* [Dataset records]
▼
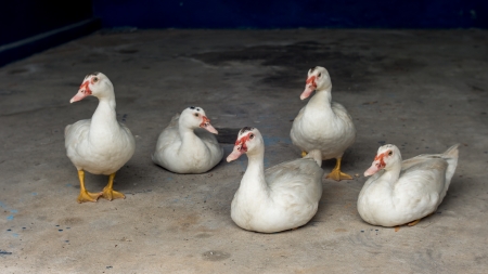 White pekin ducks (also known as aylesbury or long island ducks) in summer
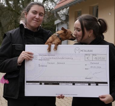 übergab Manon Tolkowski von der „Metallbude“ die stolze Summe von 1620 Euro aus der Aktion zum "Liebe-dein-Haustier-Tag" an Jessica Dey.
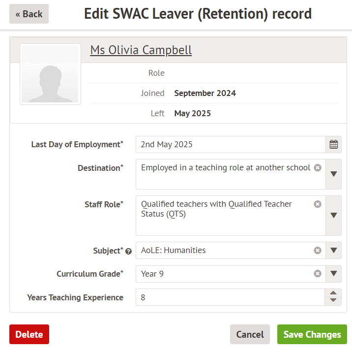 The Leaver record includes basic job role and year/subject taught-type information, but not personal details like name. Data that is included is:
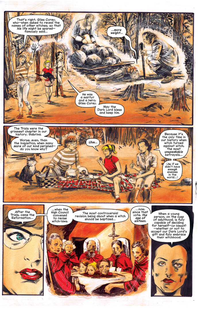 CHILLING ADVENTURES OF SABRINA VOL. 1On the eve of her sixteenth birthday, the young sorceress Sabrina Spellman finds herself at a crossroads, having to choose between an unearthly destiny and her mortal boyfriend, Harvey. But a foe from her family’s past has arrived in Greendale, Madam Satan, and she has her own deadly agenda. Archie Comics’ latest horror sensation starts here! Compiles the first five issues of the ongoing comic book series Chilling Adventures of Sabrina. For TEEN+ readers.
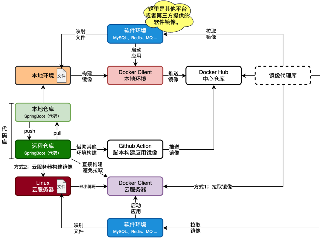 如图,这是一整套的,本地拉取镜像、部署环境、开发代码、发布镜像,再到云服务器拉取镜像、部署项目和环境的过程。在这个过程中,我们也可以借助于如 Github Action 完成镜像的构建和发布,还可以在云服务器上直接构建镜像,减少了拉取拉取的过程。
▲
* [HOW TO COMPLETE THIS TASK]
Each line from the start of the entries through the line with "The Leaver record" is to be restated exactly, and the pictures are to be skipped.

* [RESPONSE TO THIS EXERCISE]
 White pekin ducks (also known as aylesbury or long island ducks) in summer
 übergab Manon Tolkowski von der „Metallbude“ die stolze Summe von 1620 Euro aus der Aktion zum "Liebe-dein-Haustier-Tag" an Jessica Dey.
 The Leaver record includes basic job role and year/subject taught-type information, but not personal details like name. Data that is included is:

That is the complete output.